[Stored items from a collection]
*** Block opens ***
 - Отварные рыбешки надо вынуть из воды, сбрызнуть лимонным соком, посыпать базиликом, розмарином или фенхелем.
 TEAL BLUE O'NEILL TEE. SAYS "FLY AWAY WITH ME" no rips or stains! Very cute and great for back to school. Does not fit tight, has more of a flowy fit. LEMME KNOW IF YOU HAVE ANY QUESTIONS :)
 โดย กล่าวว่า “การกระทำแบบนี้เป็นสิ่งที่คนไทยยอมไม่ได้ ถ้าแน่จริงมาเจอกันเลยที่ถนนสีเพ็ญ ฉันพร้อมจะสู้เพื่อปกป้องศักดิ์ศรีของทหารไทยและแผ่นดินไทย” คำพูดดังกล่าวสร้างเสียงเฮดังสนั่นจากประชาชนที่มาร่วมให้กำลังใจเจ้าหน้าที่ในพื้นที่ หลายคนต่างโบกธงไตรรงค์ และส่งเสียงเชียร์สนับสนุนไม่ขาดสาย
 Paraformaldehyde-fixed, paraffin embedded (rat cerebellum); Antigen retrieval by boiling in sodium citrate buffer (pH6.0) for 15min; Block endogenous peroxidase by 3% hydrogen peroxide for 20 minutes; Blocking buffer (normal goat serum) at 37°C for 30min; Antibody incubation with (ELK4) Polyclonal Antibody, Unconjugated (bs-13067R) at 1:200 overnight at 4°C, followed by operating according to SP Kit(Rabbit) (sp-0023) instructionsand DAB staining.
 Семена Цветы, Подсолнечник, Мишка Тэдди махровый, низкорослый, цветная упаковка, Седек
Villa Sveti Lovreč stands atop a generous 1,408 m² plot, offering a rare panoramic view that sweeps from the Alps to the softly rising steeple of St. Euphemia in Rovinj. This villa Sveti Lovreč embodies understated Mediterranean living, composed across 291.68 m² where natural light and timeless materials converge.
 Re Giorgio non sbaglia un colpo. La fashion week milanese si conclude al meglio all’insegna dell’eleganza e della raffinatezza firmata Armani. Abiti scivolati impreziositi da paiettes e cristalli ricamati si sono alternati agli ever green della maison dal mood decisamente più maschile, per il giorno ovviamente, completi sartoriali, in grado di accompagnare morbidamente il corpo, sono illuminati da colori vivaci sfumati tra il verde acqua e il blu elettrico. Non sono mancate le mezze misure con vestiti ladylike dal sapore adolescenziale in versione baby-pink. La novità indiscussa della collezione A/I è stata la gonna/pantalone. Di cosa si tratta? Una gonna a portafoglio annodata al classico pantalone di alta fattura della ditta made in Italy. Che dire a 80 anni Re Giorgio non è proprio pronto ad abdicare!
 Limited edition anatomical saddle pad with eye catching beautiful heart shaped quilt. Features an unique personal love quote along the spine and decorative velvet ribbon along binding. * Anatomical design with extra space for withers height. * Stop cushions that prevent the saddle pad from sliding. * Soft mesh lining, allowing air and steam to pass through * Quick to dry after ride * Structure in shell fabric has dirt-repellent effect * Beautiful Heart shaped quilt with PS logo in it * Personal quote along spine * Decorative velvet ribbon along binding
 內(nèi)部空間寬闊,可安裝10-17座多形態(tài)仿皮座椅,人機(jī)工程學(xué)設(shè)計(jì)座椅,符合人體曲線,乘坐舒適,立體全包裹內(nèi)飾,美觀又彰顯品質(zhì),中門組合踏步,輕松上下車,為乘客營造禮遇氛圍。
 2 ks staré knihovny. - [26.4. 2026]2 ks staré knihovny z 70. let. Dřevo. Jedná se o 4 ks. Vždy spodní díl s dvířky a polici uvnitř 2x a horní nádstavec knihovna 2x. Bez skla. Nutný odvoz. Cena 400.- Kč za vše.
*** Block closes ***
Reproduce only the lines above spanning from the line containing "Семена Цветы, Подсолнечник, Мишка" through the line containing "Re Giorgio non sbaglia", word for word.

 Семена Цветы, Подсолнечник, Мишка Тэдди махровый, низкорослый, цветная упаковка, Седек
Villa Sveti Lovreč stands atop a generous 1,408 m² plot, offering a rare panoramic view that sweeps from the Alps to the softly rising steeple of St. Euphemia in Rovinj. This villa Sveti Lovreč embodies understated Mediterranean living, composed across 291.68 m² where natural light and timeless materials converge.
 Re Giorgio non sbaglia un colpo. La fashion week milanese si conclude al meglio all’insegna dell’eleganza e della raffinatezza firmata Armani. Abiti scivolati impreziositi da paiettes e cristalli ricamati si sono alternati agli ever green della maison dal mood decisamente più maschile, per il giorno ovviamente, completi sartoriali, in grado di accompagnare morbidamente il corpo, sono illuminati da colori vivaci sfumati tra il verde acqua e il blu elettrico. Non sono mancate le mezze misure con vestiti ladylike dal sapore adolescenziale in versione baby-pink. La novità indiscussa della collezione A/I è stata la gonna/pantalone. Di cosa si tratta? Una gonna a portafoglio annodata al classico pantalone di alta fattura della ditta made in Italy. Che dire a 80 anni Re Giorgio non è proprio pronto ad abdicare!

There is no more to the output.